The majority of the people are familiar with a term like AIDS, a health condition during which the immunity system starts attacking the body instead of protecting it against bacteria and viruses. People with aids are exposed to all kinds of viruses and pathogens that can later become fatal.
Rheumatoid arthritis (RA) is somewhat a similar condition. But, the difference is that the autoimmune system starts attacking joints and lining tissues of joints which can create disability. This kind of arthritis is different from the other sort of arthritis commonly known as osteoarthritis in which the inflammation or pain in joints is chiefly the result of age and weakening bones.
In rheumatoid arthritis, it’s the inflammation of the lining around the joint, which makes it quite painful. On top of that, RA is a long-term chronic condition.
The main symptom of rheumatoid arthritis is the pain in the joints and tender joints that is caused due to the inflammation in joints. There are other symptoms as well, which include stiffness in the joints, swelling of the joints, and at times the loss of function of the joints.
The prominent symptom part that helps distinguish is that the same joints of both the sides are more likely to be affected. This is what helps a physician helps the physician to diagnose the disease. Moreover, in the early stage of arthritis, the smaller joints are more likely to be affected including joints of the finger and toes.

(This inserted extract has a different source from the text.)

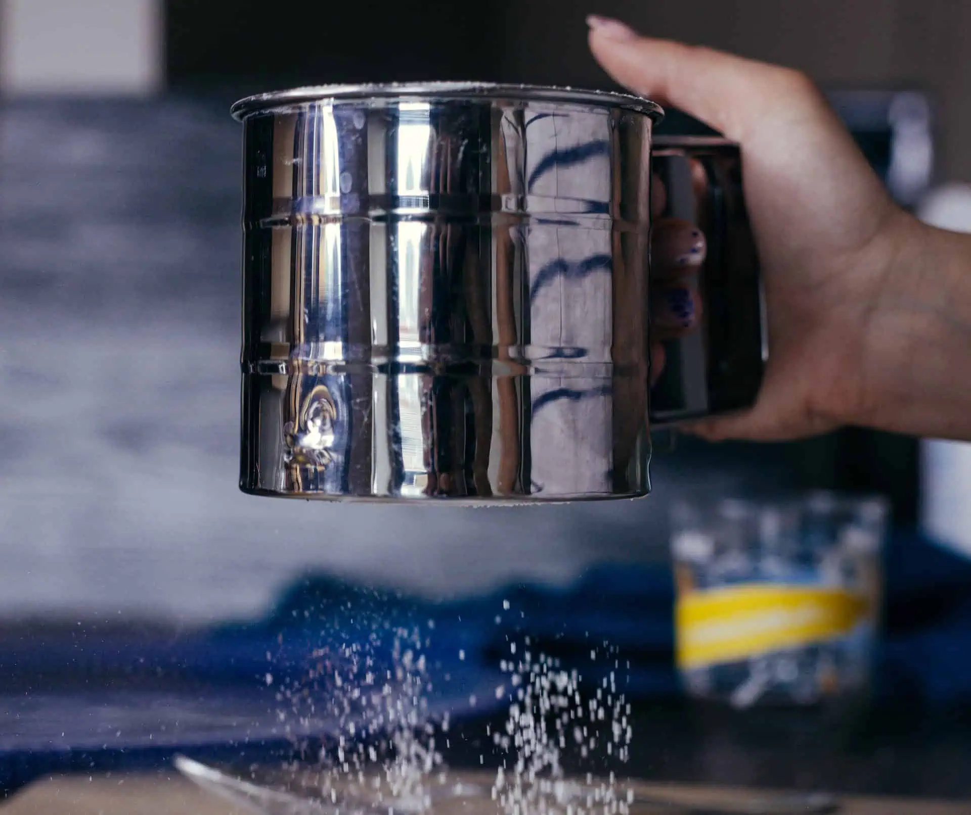 Potom do zmesi postupne preosejeme múku s práškom do pečiva a zamiešame.

As the severity increases, the condition can further impact other joints like knees, wrists, and elbows. The disease can even appear at the early age of 30. In this regard, it is recommended that treatment should be considered and be done with full concentration. If left untreated, the disease can culminate in the deformity of the limbs.
Other than the symptoms that include joints, rheumatoid arthritis also affects other body parts including the skin, heart, eyes, lungs, kidneys, nerve tissues, and others. Almost half of the people with rheumatoid arthritis complain about such problems in other organs.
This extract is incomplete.